ALiSNet: Accurate and Lightweight Human Segmentation Network for Fashion E-Commerce
This work addresses the need for lightweight and accurate on-device human segmentation to enhance privacy and enable applications like virtual try-on in fashion e-commerce, but it is incremental as it builds on existing methods.
The paper tackled the problem of accurately segmenting human bodies from photos for fashion e-commerce applications, achieving a model with 97.6% mIoU accuracy and a size of 4MB, outperforming Apple Person Segmentation at 94.4% mIoU.
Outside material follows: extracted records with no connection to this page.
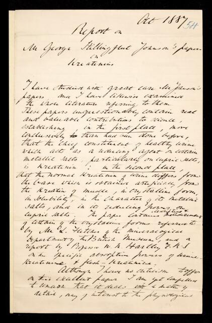 Arthur Gamgee, Referee's report by Arthur Gamgee, on a paper 'On kreatinins. I. On the kreatinin of urine as distinguished from that obtained from flesh kreatin. II. On the kreatinins derived from the dehydration of urinary kreatin' by George Stillingfleet Johnson, October 1887, RR/10/54, The Royal Society Archives, London, https://makingscience.royalsociety.org/items/rr_10_54/referees-report-by-arthur-gamgee-on-a-paper-on-kreatinins-i-on-the-kreatinin-of-urine-as-distinguished-from-that-obtained-from-flesh-kreatin-ii-on-the-kreatinins-derived-from-the-dehydration-of-urinary-kreatin-by-george-stillingfleet-johnson, accessed on 13 February 2026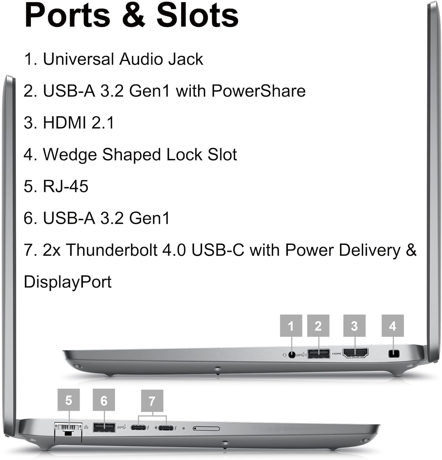 - Ports: 2 Thunderbolt 4, 2 USB 3.2 Gen 1, 1 HDMI 2.1, 1 universal audio port, 1 RJ45 Ethernet port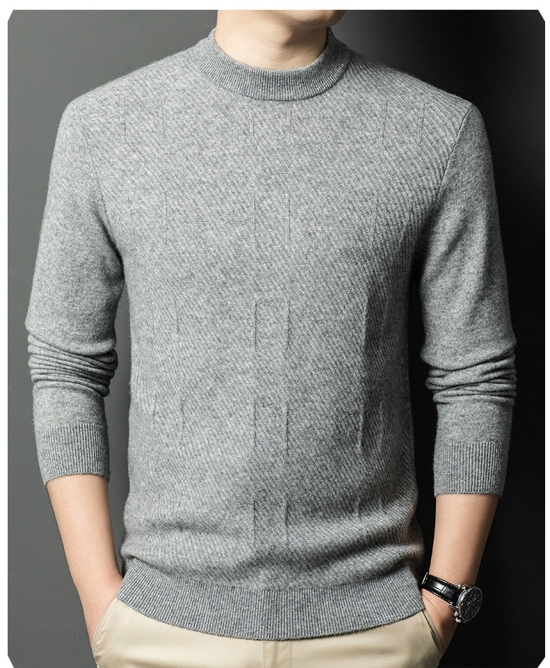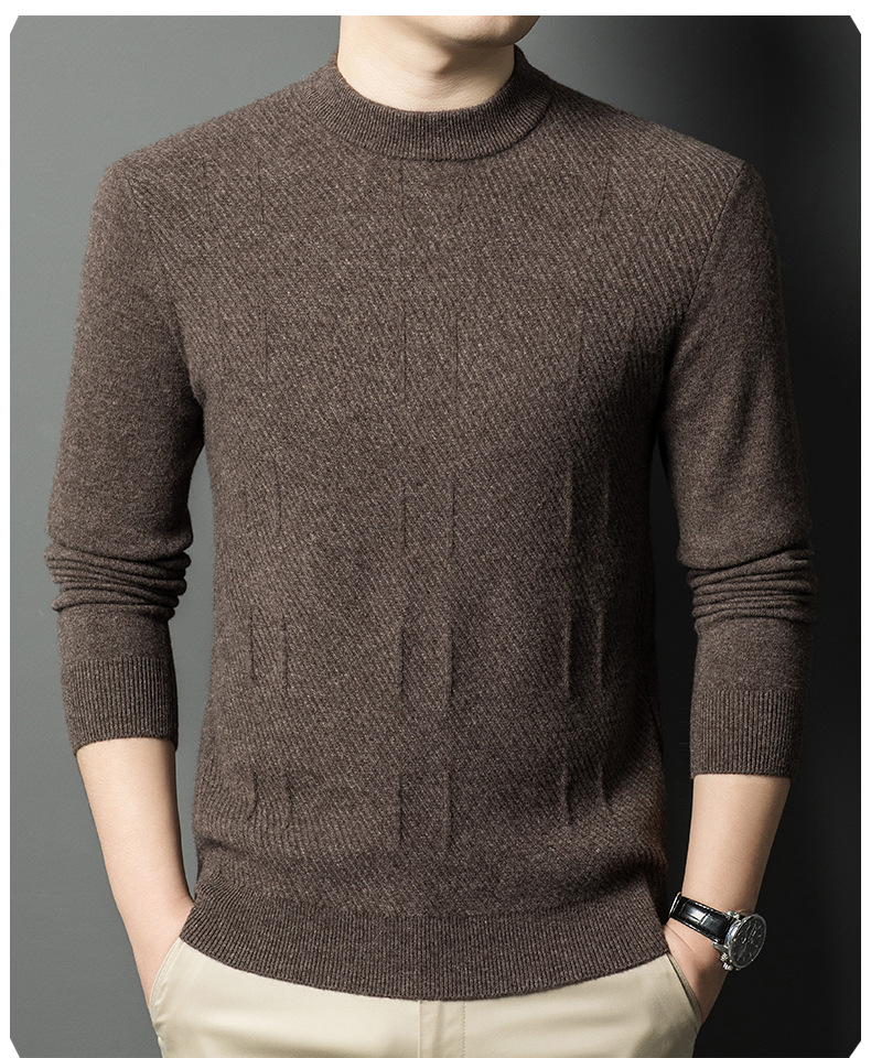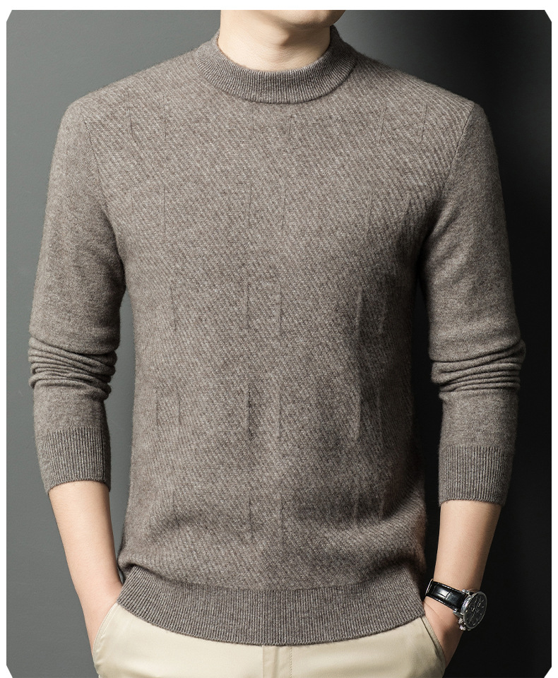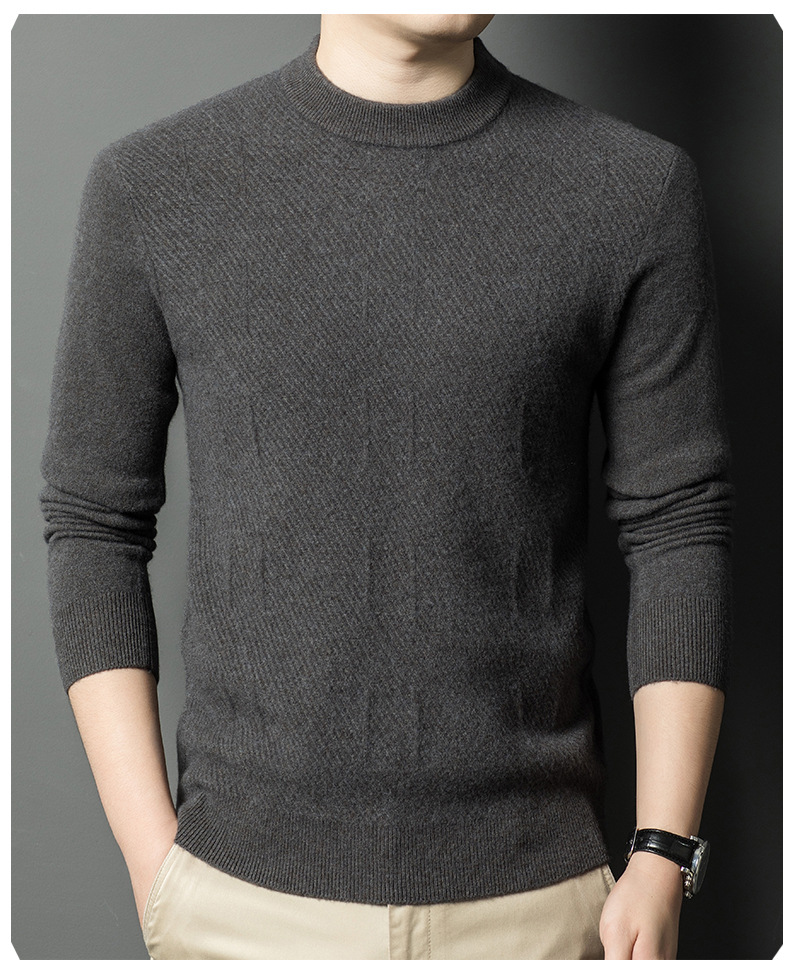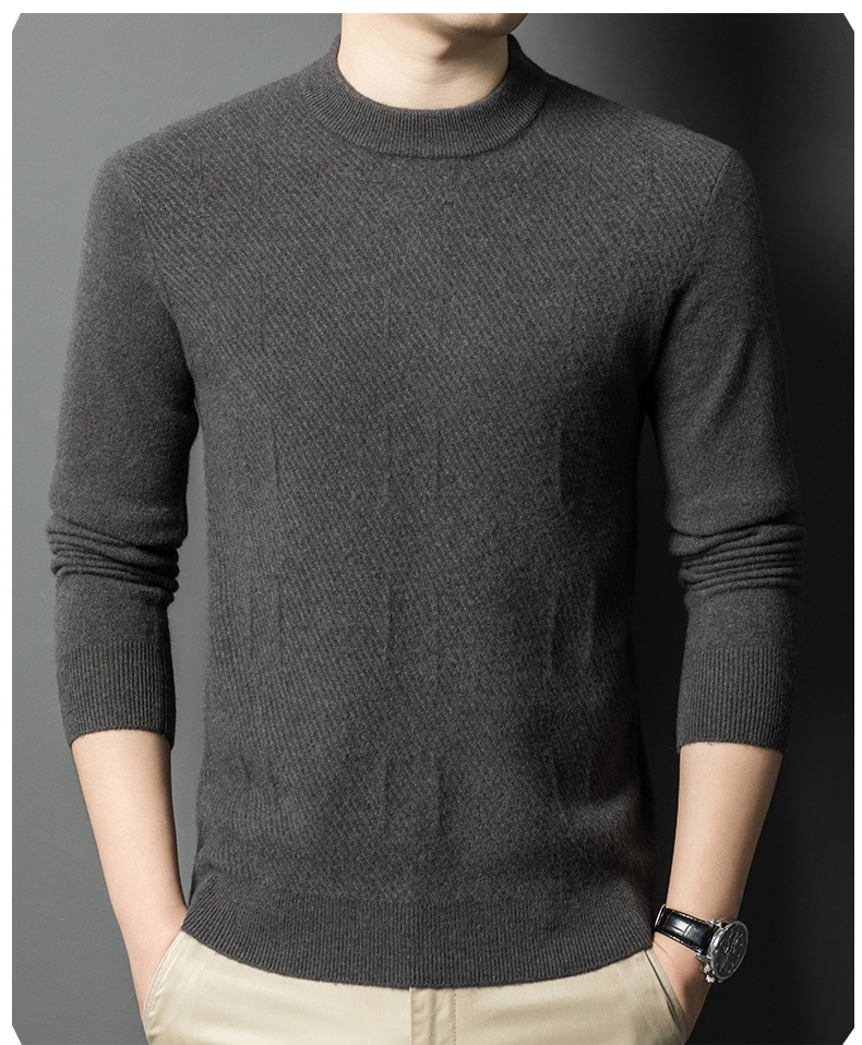 [약양모] 남자 둥근 목 스웨터 가을과 겨울 두꺼운 스웨터 중년 아버지 스웨터

Accurately estimating human body shape from photos can enable innovative applications in fashion, from mass customization, to size and fit recommendations and virtual try-on. Body silhouettes calculated from user pictures are effective representations of the body shape for downstream tasks. Smartphones provide a convenient way for users to capture images of their body, and on-device image processing allows predicting body segmentation while protecting users privacy. Existing off-the-shelf methods for human segmentation are closed source and cannot be specialized for our application of body shape and measurement estimation. Therefore, we create a new segmentation model by simplifying Semantic FPN with PointRend, an existing accurate model. We finetune this model on a high-quality dataset of humans in a restricted set of poses relevant for our application. We obtain our final model, ALiSNet, with a size of 4MB and 97.6$\pm$1.0$\%$ mIoU, compared to Apple Person Segmentation, which has an accuracy of 94.4$\pm$5.7$\%$ mIoU on our dataset.